26. If your goal is to minimize the effects of SPLATs on fisher, SPLAT treatments should be dispersed through space and time.
Management impacts on water quantity and quality
27. If your goal is to optimize water management, consider the range of potential fluctuations in precipitation and temperature.
Successful collaborative adaptive management processes
28. If your goal is to implement collaborative adaptive management, commit enough time, energy, and training of key staff to complete the adaptive management cycle.
29. The role of a third party science provider for an adaptive management program can be realized in a variety of ways.
30. If the goal is to implement adaptive management, managers must adopt clear definitions and guidelines for how new information will be generated, shared, and used to revise subsequent management as needed.
31. If your goal is to increase forest health in the Sierra Nevada, we now know enough to operationalize some of the aspects of SNAMP more broadly./h3>/h3>
The SNAMP UC Science Team worked together to develop 31 integrated management recommendations at the conclusion of our SNAMP project. The following deal specifically with lidar and vegetation mapping. All 31 can be found here. All our SNAMP spatial publications can be found here.
Mapping forests for management
If your goal is to integrate across firesheds, an accurate vegetation map is essential, and a fusion of optical, lidar and ground data is necessary.
Lidar data can produce a range of mapped products that in many cases more accurately map forest height, structure, and species than optical imagery alone. Our work indicated that the combination of high-resolution multi-spectral aerial/satellite imagery with lidar is very helpful in mapping vegetation communities as well as characterizing forest structure zones.

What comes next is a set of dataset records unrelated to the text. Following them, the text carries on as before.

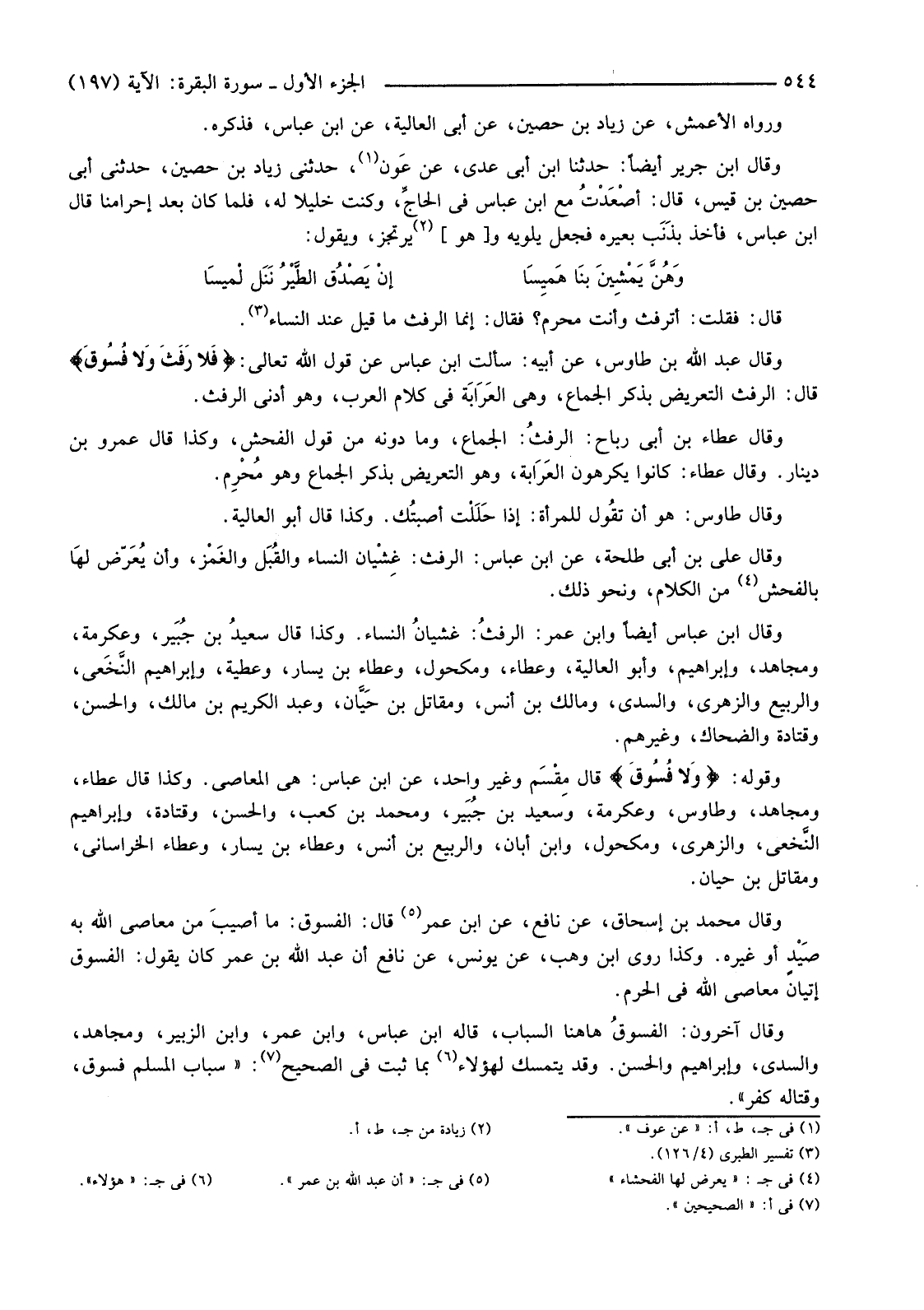 وَقَالَ ابْنُ عَبَّاسٍ أَيْضًا وَابْنُ عُمَرَ: الرفثُ: غشيانُ النِّسَاءِ. وَكَذَا قَالَ سعيدُ بْنُ جُبَير، وَعِكْرِمَةُ، وَمُجَاهِدٌ، وَإِبْرَاهِيمُ، وَأَبُو الْعَالِيَةِ، وَعَطَاءٌ، وَمَكْحُولٌ، وَعَطَاءُ بْنُ يَسَارٍ، وَعَطِيَّةُ، وَإِبْرَاهِيمُ النَّخَعي، وَالرَّبِيعُ، وَالزُّهْرِيُّ، وَالسُّدِّيُّ، وَمَالِكُ بْنُ أَنَسٍ، وَمُقَاتِلُ بْنُ حَيَّان، وَعَبْدُ الْكَرِيمِ بْنُ مَالِكٍ، وَالْحَسَنُ، وَقَتَادَةُ وَالضَّحَّاكُ، وَغَيْرُهُمْ.
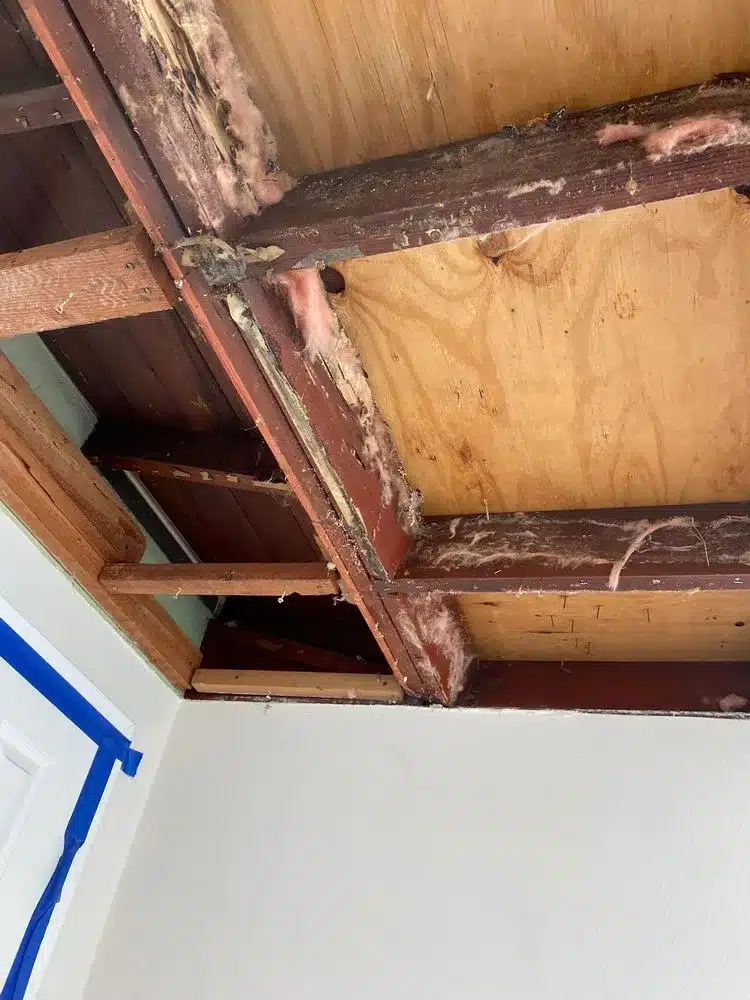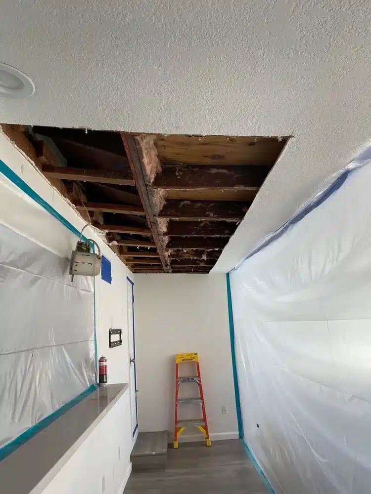 Once the area was fully contained and protected, our team accessed the ceiling and removed the mold. This process involved safely cutting into the impacted ceiling materials, removing all mold-contaminated components, and thoroughly cleaning the area. Every step was performed using industry-standard protocols to ensure the home’s and its occupants’ safety.
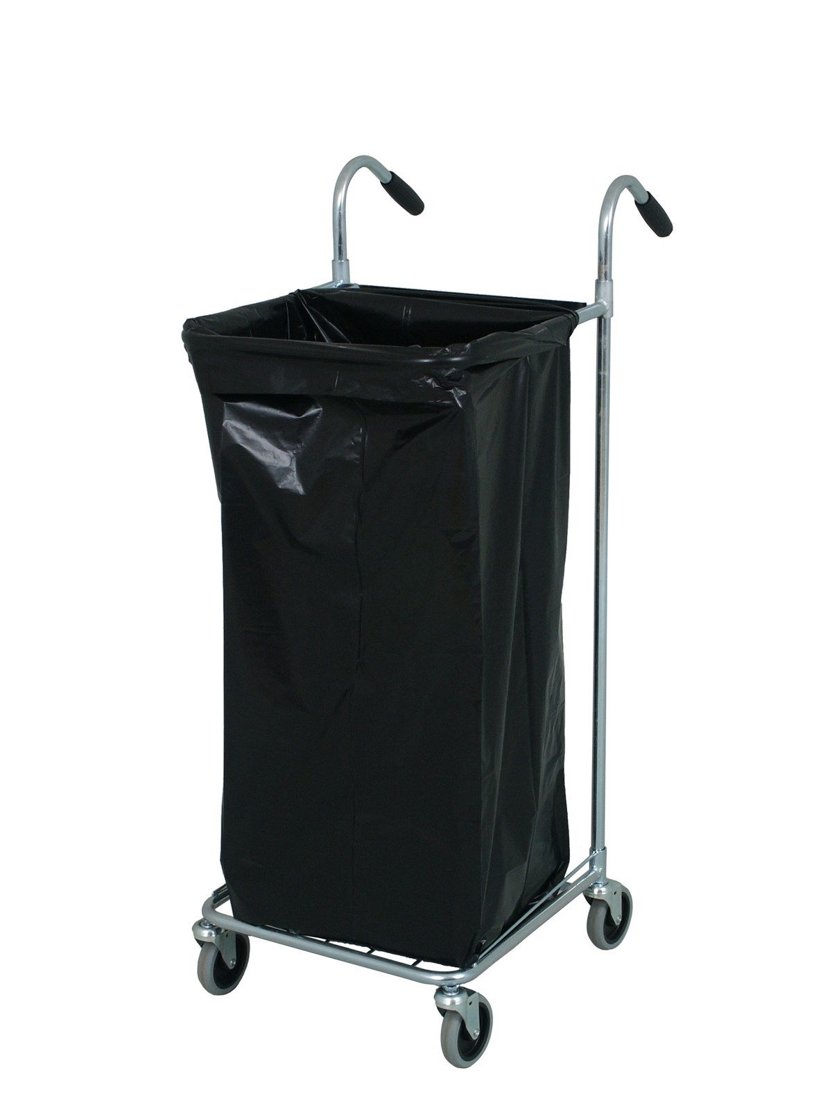 Säckvagn Martin är en sopställsvagn för 125-160 liters säckar med smidiga körhandtag och lättrullade gummihjul. Stället har en i höjdled justbar säckring.

If your goal is to understand the effects of SPLATs, lidar is essential to accurately monitor the intensity and location of SPLAT treatments.
Lidar data can effectively penetrate the forest canopy and can be used to accurately detect forest understory changes. Our work indicated that the use of lidar-derived vegetation structure products (e.g., canopy cover and vegetation height) significantly outperformed the aerial image in identifying the SPLAT treatment extent and intensity.